I sat down and he stared at me.

“So, Salvatierra … Still after the same old thing, are you?”

“After what?” I asked.

“That little painting of yours.”

“Yes, but why don’t you put that gun down, Jordán? We can talk about it peacefully, there’s no need to threaten me.”

“You owe me.”

“Owe you?”

“You’re nothing but a henpecked asshole.”

“I don’t know what you’re talking about. Is that shotgun loaded?”

“Orbea 16 mm cartridges. Two shots. One to make you suffer, the other to finish you off.”

“Stay calm, boss. I’m going to leave now. Tomorrow without fail I’ll bring what you say I owe you. Agreed?”

“Agreed, nothing,” he replied angrily.

I fell silent and didn’t move. The water was already boiling. Jordán’s finger was on the trigger. He was pointing it at my head, but the weight of the gun-barrel meant it kept dropping towards my stomach. Every so often, he jerked it up again.

“You’re a liar as well as a traitor. The guy who couldn’t speak is not so dumb after all.”

“I’m not Juan Salvatierra, Jordán. I’m Miguel, his son.”

“And I’m General Perón. You owe me half a load of white horse that was stored in the shed.”

“What white horse?” I said.

“Don’t play the fool, Juan. You want your painting, I want my white horse.”

“Have you got the painting?”

“No, but I know who has. Bring me my whiskey and then we’ll see.”

“How much whiskey?”

“The forty cases you owe me.”

“OK, I’ll bring them tomorrow,” I said, rising from my seat once more.

“Stay where you are.”

I sat down again.

“Do you know why I feel like killing you? How long have we known each other, Juan?”

“How long?” I asked.

“Since we were this tall. We were like brothers. The whole day together in the river. We were partners. Then you wanted to split up. I accepted that, didn’t I?”

He paused for me to answer, but I said nothing.

“Did you know that Ibáñez and Vázquez wanted to kill you?”

“No.”

“I made them swear they’d leave you alone. But when you shut the shed on me … that really made me mad, che. I don’t know how I ever forgave you for that.”

The old man fell silent, looked me in the eye, and then said:

“So you owe much more than any little white horse, Juan. You owe me your life.”

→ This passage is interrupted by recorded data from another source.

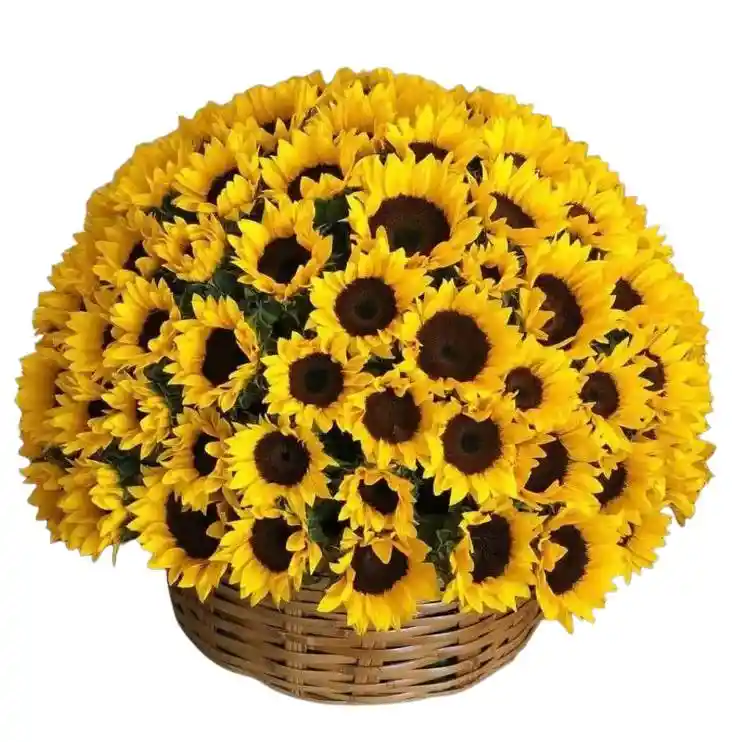 Canasta XL de 100 girasoles Nota: La flor puede ser sustituida dependiendo la disponibilidad de color y del producto “Mensaje Personalizado” máximo de 30 caracteres (Dejar el mensaje en el chat, los comentarios no se previsualizan para la tienda por lo que si se dejan allí no podrá ser incluido).
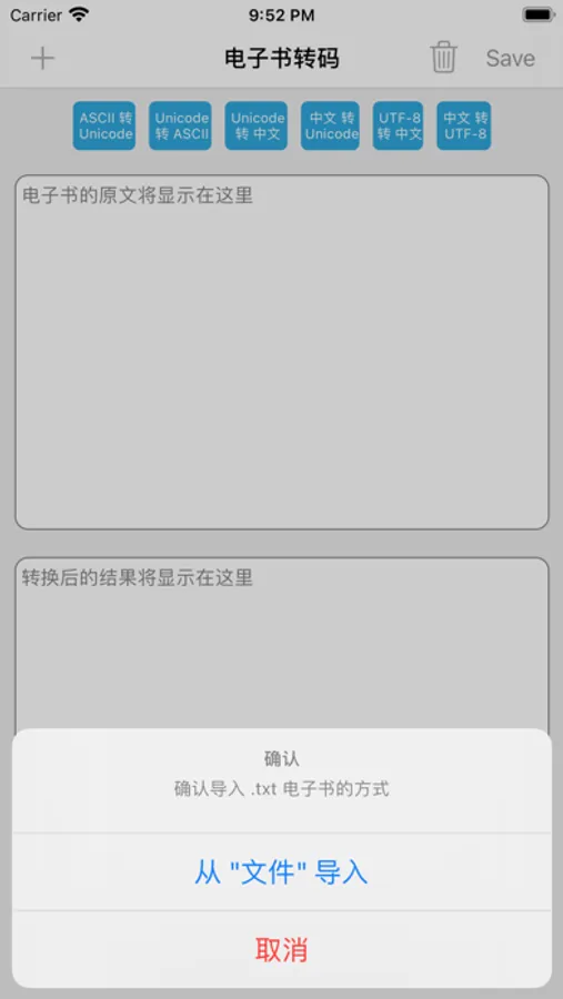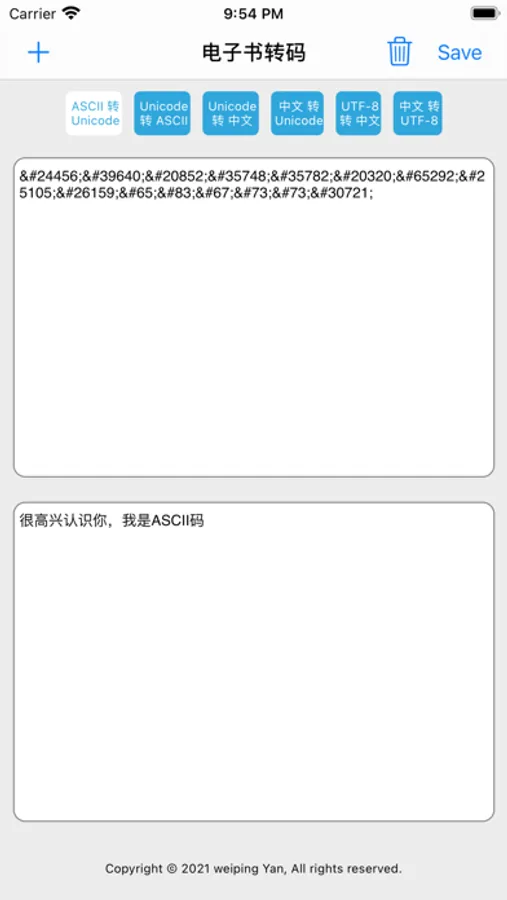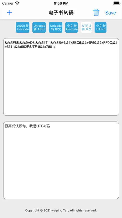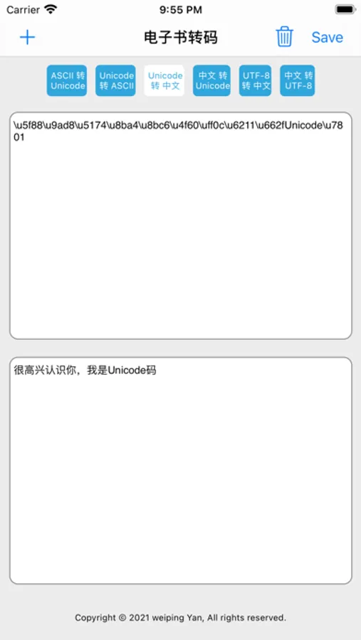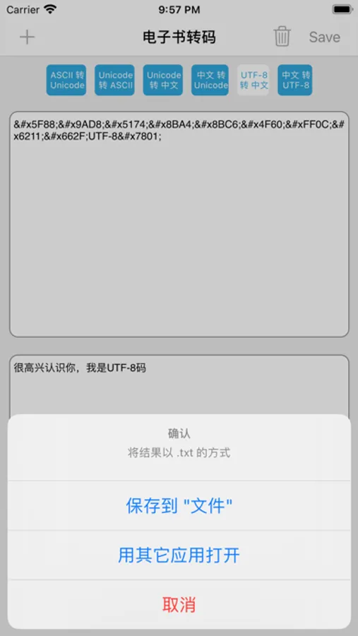 这是一个 txt 文件编码转换的工具,集Unicode与ASCII互转、Unicode与中文互转、中文与UTF-8互转于一体,支持从文件导入和导出,亦支持从其它应用打开,让你体验不一样的移动阅读。
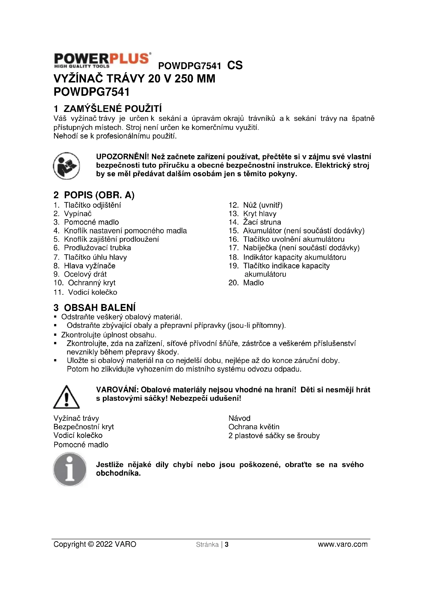 - Pokud akumulátory likvidujete, řiďte se instrukcemi v části „Ochrana životního prostředí“.POWDPG7541 CS Copyright © 2022 VARO Stránka | 7 www.varo.com

I didn’t say a word. There was the sound of shuffling feet in the corridor. It was Jordán’s granddaughter.

“Messing about with that shotgun again, granddad!” she said, and snatched it from him as if she were taking a toy from a child. She glanced at me, lifted the kettle from the stove, and said:

“Did he scare you with the gun? Don’t worry,” she whispered. “My brother filed down the hammer. Let me see you hand, granddad,” she said out loud, and began to check his bandage. “You’ve been playing with it, haven’t you? You have to leave the bandage alone. And be careful with that kettle. The handle is loose, mind you don’t go burning yourself again.”

“I’ll be leaving now. ’Bye,” I said, rushing for the door.

The dog snapped at me on the way out, but by now, after being so scared I was going to die, I felt almost friendly towards it.